What is being asked: Down to the last line below, write out every line exactly, starting with the one that contains "这套照原版,去掉了一个救赎、" and leaving out the pictures.

[Records drawn from a dataset]
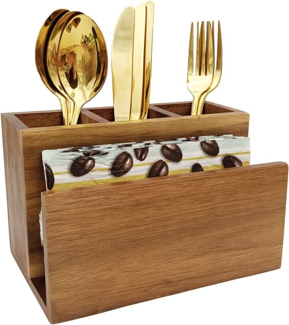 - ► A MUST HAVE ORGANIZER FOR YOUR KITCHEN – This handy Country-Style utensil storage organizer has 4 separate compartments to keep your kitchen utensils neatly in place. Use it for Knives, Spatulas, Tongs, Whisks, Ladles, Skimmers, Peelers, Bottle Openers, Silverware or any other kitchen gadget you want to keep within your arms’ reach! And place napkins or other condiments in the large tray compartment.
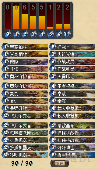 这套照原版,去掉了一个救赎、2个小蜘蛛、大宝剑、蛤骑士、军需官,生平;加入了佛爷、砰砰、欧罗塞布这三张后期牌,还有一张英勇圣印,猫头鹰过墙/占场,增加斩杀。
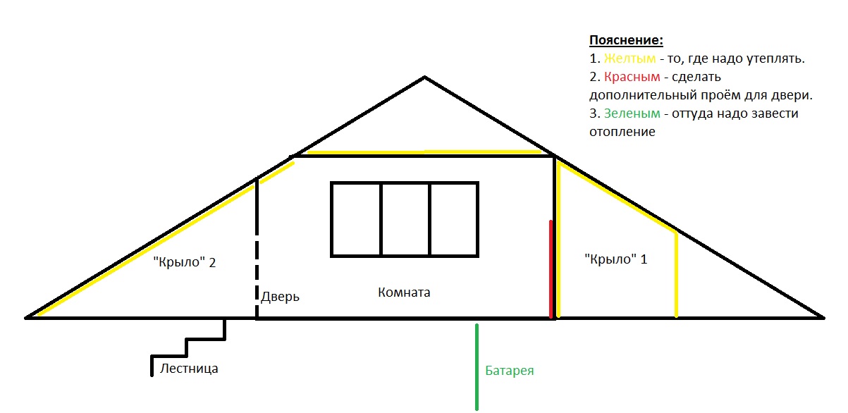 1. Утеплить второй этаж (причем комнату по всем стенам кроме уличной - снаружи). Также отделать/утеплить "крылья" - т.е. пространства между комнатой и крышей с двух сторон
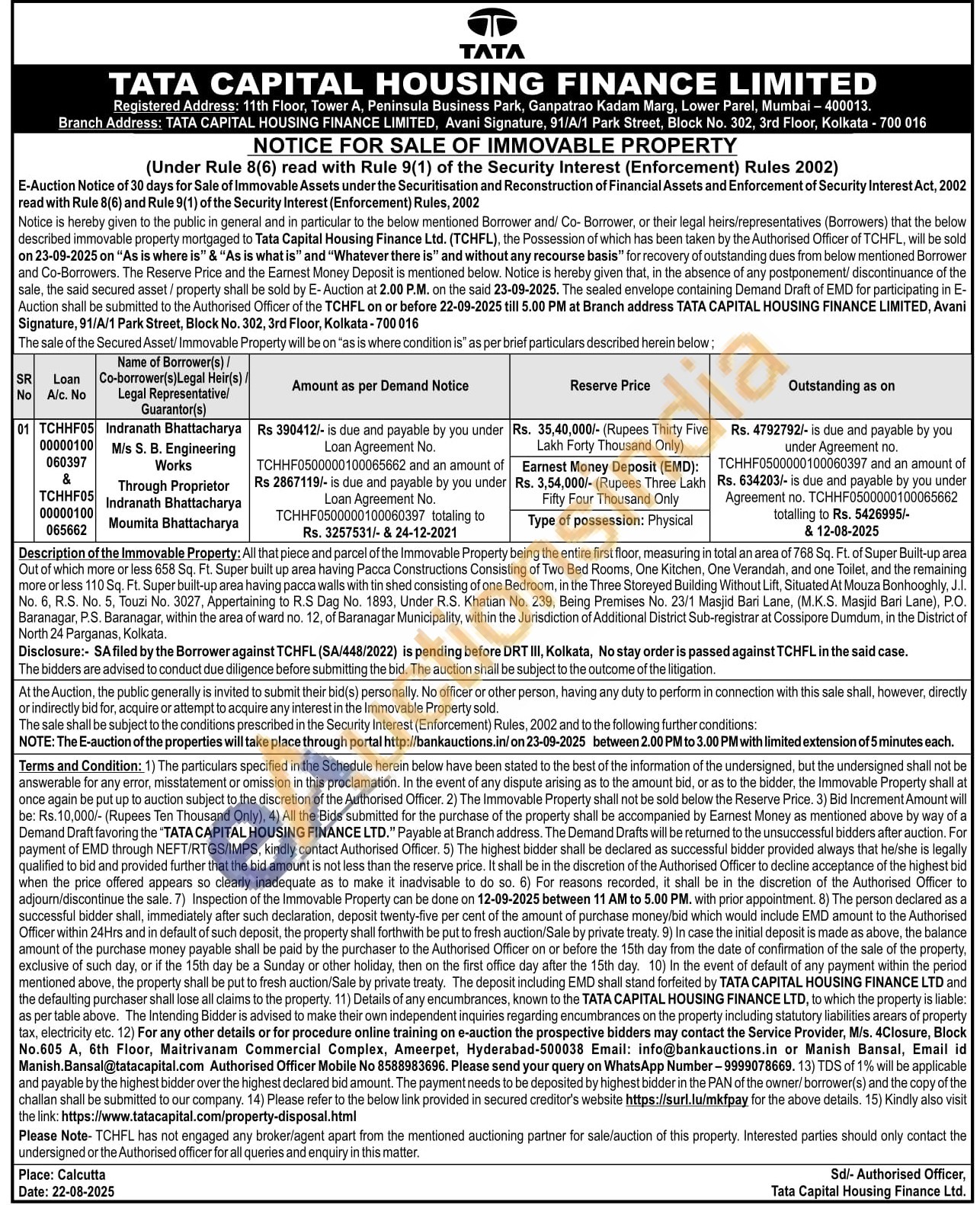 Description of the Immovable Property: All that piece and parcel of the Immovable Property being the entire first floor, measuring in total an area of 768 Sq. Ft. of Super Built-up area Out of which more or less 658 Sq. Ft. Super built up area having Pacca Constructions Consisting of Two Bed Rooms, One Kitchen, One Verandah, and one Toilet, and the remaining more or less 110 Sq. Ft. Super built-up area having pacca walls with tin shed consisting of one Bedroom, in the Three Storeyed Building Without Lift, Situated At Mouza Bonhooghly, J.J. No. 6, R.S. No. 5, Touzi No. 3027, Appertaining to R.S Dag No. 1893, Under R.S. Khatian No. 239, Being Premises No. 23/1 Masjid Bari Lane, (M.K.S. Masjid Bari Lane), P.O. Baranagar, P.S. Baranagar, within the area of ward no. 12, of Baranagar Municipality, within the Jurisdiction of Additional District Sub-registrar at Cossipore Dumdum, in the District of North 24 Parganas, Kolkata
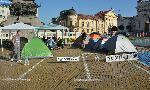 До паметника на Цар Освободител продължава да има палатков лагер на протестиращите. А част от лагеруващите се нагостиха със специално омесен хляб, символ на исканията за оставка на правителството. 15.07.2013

Exercise output:
 这套照原版,去掉了一个救赎、2个小蜘蛛、大宝剑、蛤骑士、军需官,生平;加入了佛爷、砰砰、欧罗塞布这三张后期牌,还有一张英勇圣印,猫头鹰过墙/占场,增加斩杀。
 1. Утеплить второй этаж (причем комнату по всем стенам кроме уличной - снаружи). Также отделать/утеплить "крылья" - т.е. пространства между комнатой и крышей с двух сторон
 Description of the Immovable Property: All that piece and parcel of the Immovable Property being the entire first floor, measuring in total an area of 768 Sq. Ft. of Super Built-up area Out of which more or less 658 Sq. Ft. Super built up area having Pacca Constructions Consisting of Two Bed Rooms, One Kitchen, One Verandah, and one Toilet, and the remaining more or less 110 Sq. Ft. Super built-up area having pacca walls with tin shed consisting of one Bedroom, in the Three Storeyed Building Without Lift, Situated At Mouza Bonhooghly, J.J. No. 6, R.S. No. 5, Touzi No. 3027, Appertaining to R.S Dag No. 1893, Under R.S. Khatian No. 239, Being Premises No. 23/1 Masjid Bari Lane, (M.K.S. Masjid Bari Lane), P.O. Baranagar, P.S. Baranagar, within the area of ward no. 12, of Baranagar Municipality, within the Jurisdiction of Additional District Sub-registrar at Cossipore Dumdum, in the District of North 24 Parganas, Kolkata
 До паметника на Цар Освободител продължава да има палатков лагер на протестиращите. А част от лагеруващите се нагостиха със специално омесен хляб, символ на исканията за оставка на правителството. 15.07.2013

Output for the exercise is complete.